Post-Training Quantization#

Post-Training Quantization (PTQ) converts a trained FP32/FP16 model to a lower-precision representation to reduce latency and memory with minimal or no retraining. In TAO, PTQ is provided via the TAO Quant library. See Quantizing a model in TAO (TAO Quant) for the full guide and backend details.

When to Use PTQ#

Use PTQ when you:

  • Cannot or do not want to retrain (for faster turnaround than QAT)

  • Want to establish a performance/accuracy baseline before investing in QAT

  • Are targeting edge deployment where INT8/FP8 inference and memory savings matter

Backends at a glance#

  • TorchAO (weight-only PTQ): The simplest path; quantizes weights, with no calibration loop, and modest speedups.

  • NVIDIA ModelOpt (static PTQ): Quantizes weights and activations; requires calibration data; yields larger speed gains.

Quick Workflow#

  1. Train your model as usual (FP32 or with AMP).

  2. Add a quantize section to your experiment spec, selecting a backend and mode.

  3. Run the task-specific quantize command.

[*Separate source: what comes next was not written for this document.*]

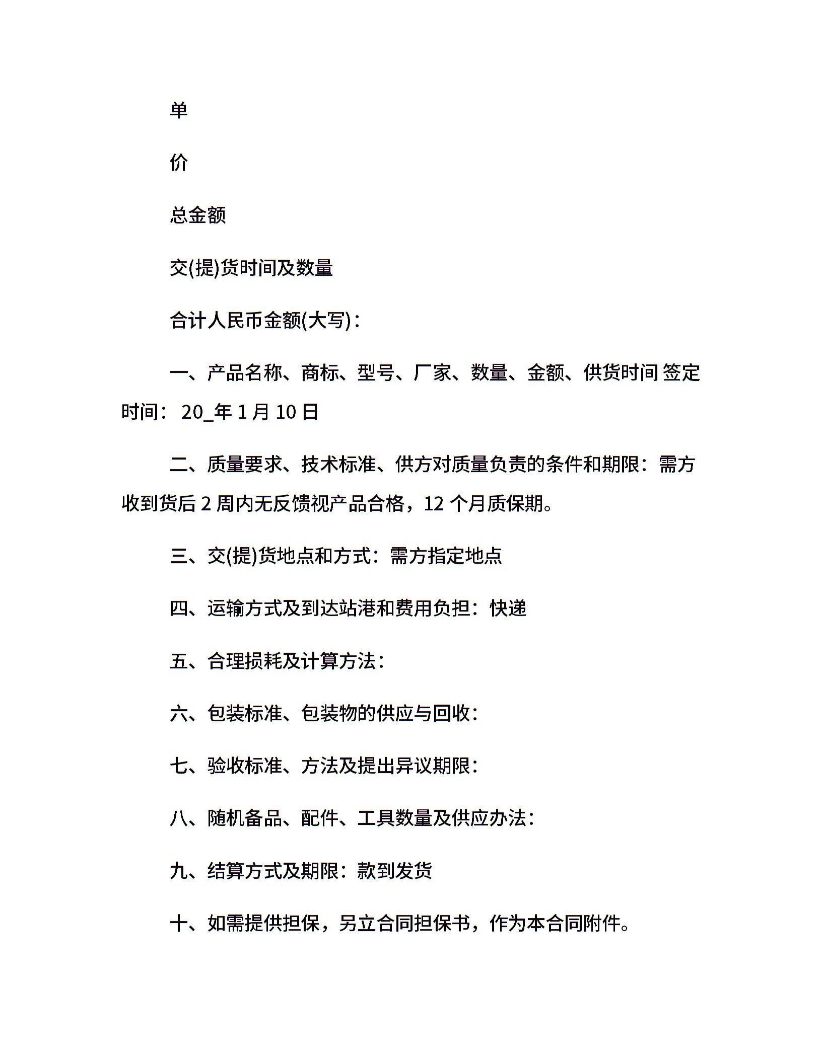 工矿产品购销合同
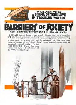 Barriers of Society is a 1916 American silent romantic drama film[1] directed by Lloyd B. Carleton. Universal based the film on the story written by Clarke Irvine and adapted for the screen by Fred Myton. Dorothy Davenport and Emory Johnson, lead an all-star cast of Universal contract players in this feature film.

  4. Evaluate with the quantized artifact and validate accuracy on your data.

  5. Deploy. For TensorRT export pipelines, follow the task’s export section and the TAO Quant documentation.

Minimal example (RT-DETR)#

quantize:
  model_path: "/path/to/trained_rtdetr.ckpt"
  results_dir: "/path/to/quantized_output"
  backend: "torchao"            # or "modelopt"
  mode: "weight_only_ptq"       # torchao
  # mode: "static_ptq"          # modelopt
  default_layer_dtype: "native"
  default_activation_dtype: "native"
  layers:
    - module_name: "Linear"
      weights: { dtype: "int8" }

Limitations#

  • Current backends: torchao (weight-only PTQ) and modelopt (static PTQ).

  • Modes: PTQ only; QAT support in TAO Quant is planned but not yet available here.

  • Dtypes: INT8 and FP8 (E4M3FN/E5M2).

  • Tasks: classification_pyt and rtdetr.

  • Runtime: PyTorch; ONNX/TensorRT export is experimental.

  • For the most up-to-date, comprehensive list, see Limitations and Current Status.